Governor of the Central Bank of Jordan
- In office 2012–2022
- Preceded by: Mohammed Said Shahin
- Succeeded by: Adel Al-Sharkas
- In office 1996–2000
- Preceded by: Mohammed Said Nabulsi
- Succeeded by: Umayya Toukan

Personal details
- Born: 1943 (age 82–83)
- Alma mater: Keele University University of Baghdad
- Occupation: Economist

= Ziad Fariz =

Jordanian politician

Ziad Fariz (born 1943) is a Jordanian banker, politician and economist and former Governor of the Central Bank of Jordan.

He was born in 1943 in As-Salt. He has a PhD in Economics from Keele University in the United Kingdom, and a BA from the University of Baghdad.
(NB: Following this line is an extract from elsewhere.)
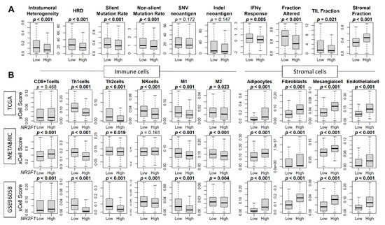Association of NR2F1 with immunity within the tumor microenvironment. (A) Boxplots showing various scores based on high and low NR2F1 expression in TCGA. Intratumoral heterogeneity, homologous recombination deficiency (HRD), silent/non-silent mutation rate, SNV/Indel neoantigen, interferon gamma response, fraction altered, tumor-infiltrating lymphocytes (TIL) fraction, and stromal fraction. (B) Boxplots showing immune and stromal cell fractions between NR2F1 high and low groups in three large cohorts. Mann–Whitney U test was used to compare the two groups, and p values are shown in bold for significant results (p < 0.05).

Fariz joined the Central Bank in 1966, and after completing his PhD in 1978, he returned to the Central Bank as an Economic Advisor. He later served as Director of both the Research Department and the Investment and Foreign Operations Department. In 1984, he was appointed Secretary General of the Ministry of Planning and International Cooperation, a position he held until April 1989, when he was promoted to Minister until December 1989. He subsequently served as Minister of Trade from June 1989 to September 1991, and Minister of Planning and International Cooperation from September 1991 to September 1994. He co-founded Capital Bank in 1995, where he also became chairman of the board.

In 1996, Fariz became the Governor of the Central Bank of Jordan, a position he held until 2001. He then served as CEO of Bank ABC from September 2005 to October 2007. From November 2005 to September 2007, he was Deputy Prime Minister of Jordan and Minister of Finance from 2006 to 2007. He was the chairman of the Board of Directors of Capital Bank, where he worked until February 2009. After this, he went to First Investment Group, as Chairman of the Board.

On 10 January 2012, he was reappointed as Governor of the Central Bank of Jordan. He served in that role until 2022.